Jackson, MS Police Allegedly Neglected To Tell Marrio Moore’s Family That He Had Been Dead Since February
Mississippi's Jackson Police Department allegedly failed to notify families of at least 24 victims of homicides including the family of Marrio Moore.
Similar to BLACK ENTERPRISE’S previous reporting on the family of Dexter Wade’s fight for justice after the Jackson Police Department buried him in a pauper’s grave and failed to alert the family for months, the same has happened to another family in Jackson. According to NBC News, Marrio Moore, a 40-year-old man, was beaten to death on Feb. 2, buried in a pauper’s grave in July, and Jackson authorities did not notify the family until Oct. 12.
In fact, the family did not find out about Moore’s death until an article revealing that the Jackson Police Department had failed to notify families of at least 24 victims of homicides made its way to Marquita Moore, Marrio’s sister, through a text message sent by her aunt. At the time, Moore told NBC News she was distraught, saying, “Lord, this is my brother,” Moore said out loud as she was crying. “Someone done killed my brother.”
Moore immediately put on outside clothes, as she had been in her pajamas since it was past 8 pm, and made her way to the downtown headquarters of the Jackson Police Department in search of answers to what happened to her brother. When she got there, an officer informed her that no one was available, and over the next few days, heartbreaking information was slowly released to the family, according to the outlet.
Marrio had allegedly been beaten to death, wrapped in a tarp, and laid out on the street. For months after that, his body was at the Hinds County morgue, unclaimed by any family members. Finally, on July 14, incarcerated people at the Hinds County penal farm buried him in a pauper’s field. Mary Moore Glenn, Marrio’s mother, still has not accepted his death or what they did with his body without her knowledge.
Glenn told NBC News, “What are you hiding?” Glenn said. “Why can’t you just come and just tell somebody that their child is gone?”
According to NBC News, Moore and Wade were both buried in the same location on the same day. However, the city and Jackson Mayor Chokwe Antar Lumumba have not answered detailed questions, instead blaming the outcomes on a communication failure and expressed regret that the families are dealing with this.
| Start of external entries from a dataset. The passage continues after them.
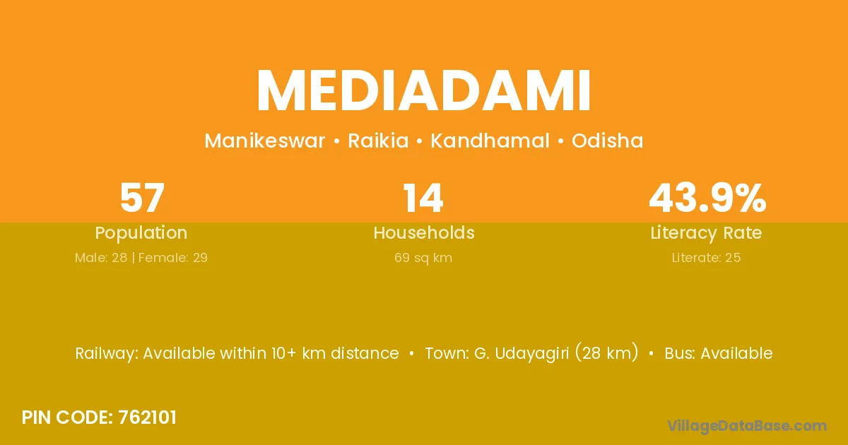 Mediadami village has a total population of 57 people, of which 28 are males and 29 are females.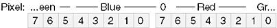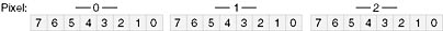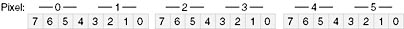 To see how the pixels are encoded, let's examine the four cases separately. In the diagrams shown below, the bits of each byte are shown in boxes and are numbered with 7 indicating the most-significant bit and 0 indicating the least-significant bit. Pixels are also numbered beginning with 0 for the leftmost pixel in the row.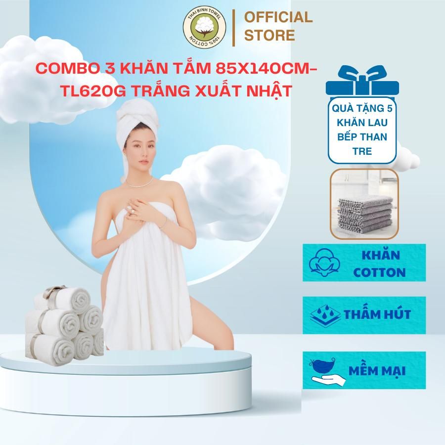 Combo 3 Khăn Tắm Khách Sạn Cỡ Đại Xuất Nhật 85x140cm -620g - Thai Binh Towel 100% Cotton Siêu Thấm Hút Không Xù Bông khăn tang trắng khăn khach san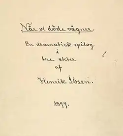 When We Dead Awaken (Norwegian: Når vi døde vågner) is the last play written by Norwegian dramatist Henrik Ibsen. Published in December 1899, Ibsen wrote the play between February and November of that year. The first performance was at the Haymarket Theatre in London, a day or two before publication[1] and the currently only Broadway production was originally at the Knickerbocker Theatre from March 7-10, 1905, then moving to the Princess Theatre until it closed in April 1905.[2]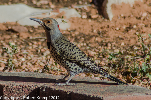 This is a Northern Flicker. There are two major subspecies, the Yellow-Shafted Northern Flicker and the Red-Shafted Northern Flicker. Yellow-Shafted Northern Flickers are usually found east of the Rockies, while Red-Shafted Northern Flickers are found west of the Rockies. Their names come from the color of their feather shafts, but you can also identify the males by their malar stripe, the mustache-like stripe on its face. Yellow-Shafted Northern Flickers have a black malar stripe while Red-Shafted Northern Flickers have red malar stripes. This is a Yellow-Shafted Northern Flicker, and it a long way from its normal territory.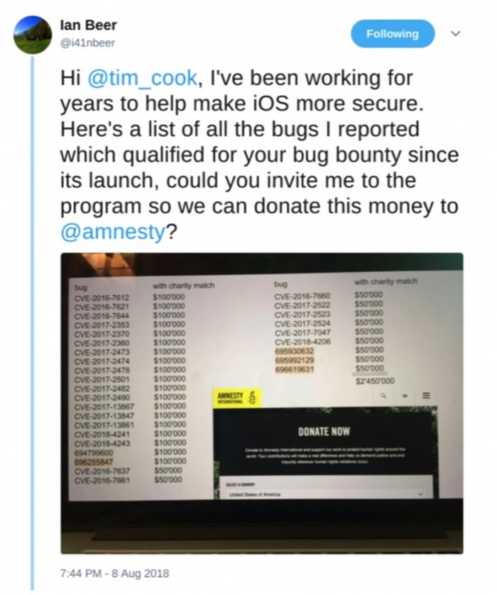 Cách đây ít ngày tại hội thảo an ninh Black Hat diễn ra ở Las Vegas (Mỹ), Beer đã tweet một bài đăng đến CEO Apple là Tim Cook, thách thức ông ta trả tiền cho các lỗ hổng được anh báo cáo từ năm 2016, cụ thể là quyên góp 2,45 triệu USD cho nhóm nhân quyền Amnesty International.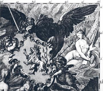 Personifikace Vltavy doprovázející kartušový štít s českým lvem na Müllerově mapě Čech z roku 1720. Výzdoba jedné z nejvýpravnější z historických map Českého království je dílem rytce Michala Kauffera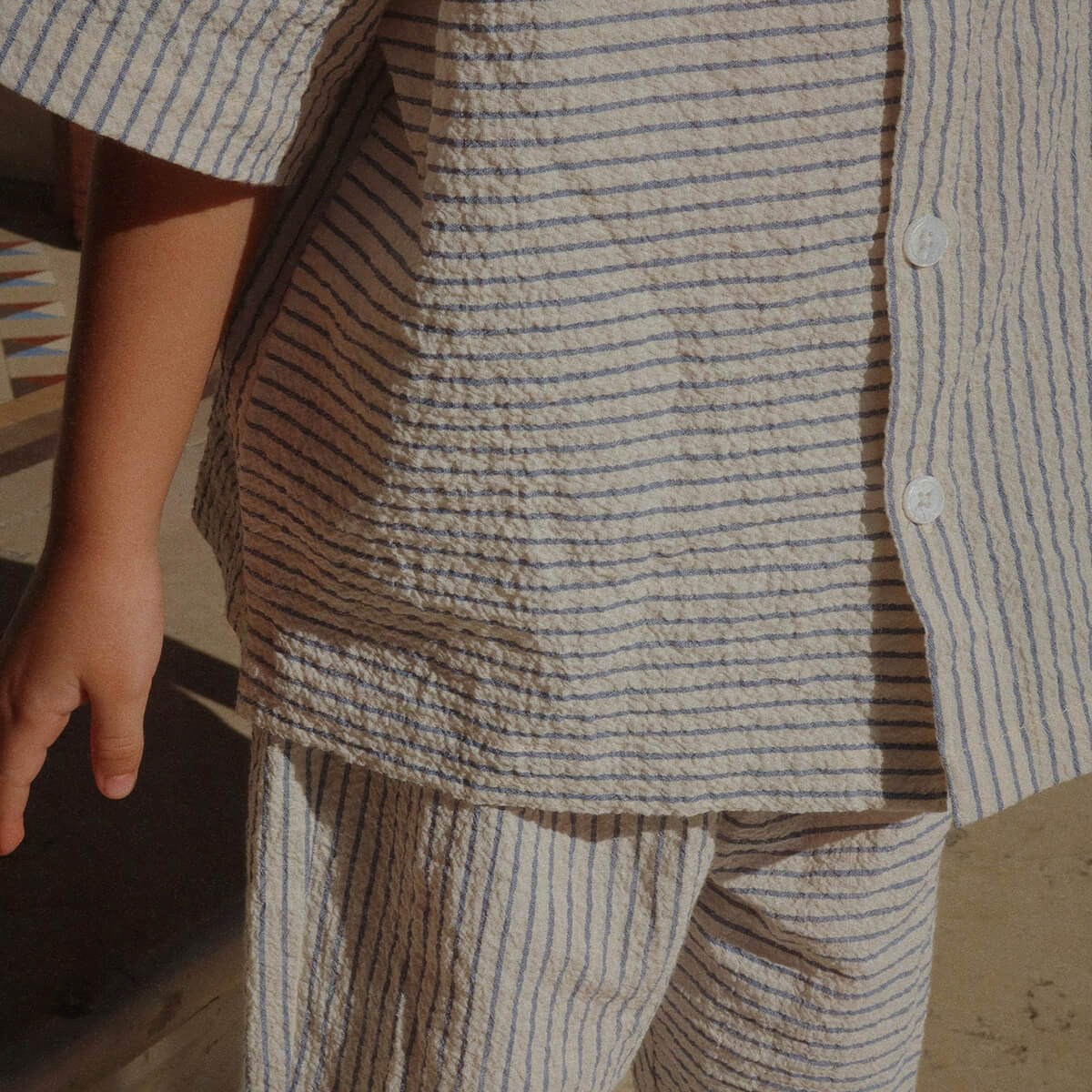 Duo Pants by Rosie Huntington-Whiteley x Konges Sløjd. Soft trousers made in a light and breathable cotton seersucker that looks and feels perfectly crinkled.
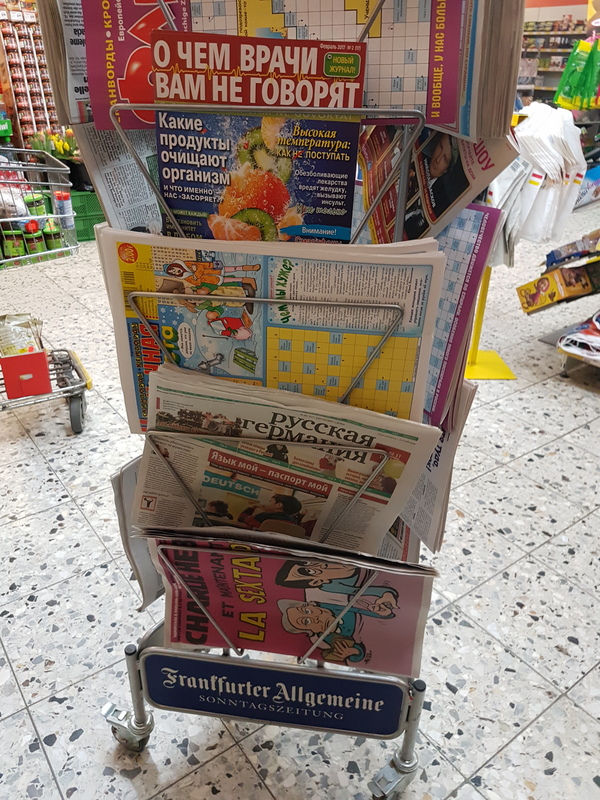 Ну и конечно стойка с газетами и журналами. С другой стороны немецкая пресса. В основном газетенки вроде флирта и сканвордов, но с третьей стороны была и нормальная пресса.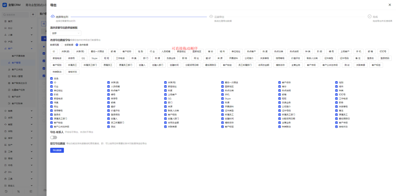 (2)导出字段选项的先后顺序,支持拖动先后,按照拖动后的先后,作为用户导出表格数据的先后;

NBC News obtained the conversations the family had with Hinds County officials as well as documents about the case, which paint a picture of a police department not doing enough to contact relatives about their deceased family members.
Marrio was described by his family as always on the move, saying that it wasn’t uncommon for him to go months without reaching out or talking to them. His sister, Marcedes Onchukwu, describes it as a defense mechanism, saying, “If you tried to get too close to him, he knew what he was doing and he knew somebody was going to tell him, ‘You need to do this or do that.’ So he stayed away for that reason,” Onuchukwu said. “Because he basically didn’t want nobody, I guess, shaming him because of his choices.”
Eventually, when the family got ready to have Marrio’s funeral, they couldn’t have a service with a body in a casket because of the way his body had deteriorated. The family held a memorial service on Oct. 20 at Nu Vision Worship Center in Jackson, and afterward, Marrio’s mother was still trying to find peace and failing to, telling NBC News, “It really didn’t do anything,” Glenn said.
“Because he was just a picture. It wasn’t the person. The last time I’m going to see him is that picture. I’m not going to see him no more.” Glenn ended her thoughts, saying, “It hurts bad that he’s gone. But nobody thought that I was important enough to let me know about my child. Nobody thought that my family was important enough.”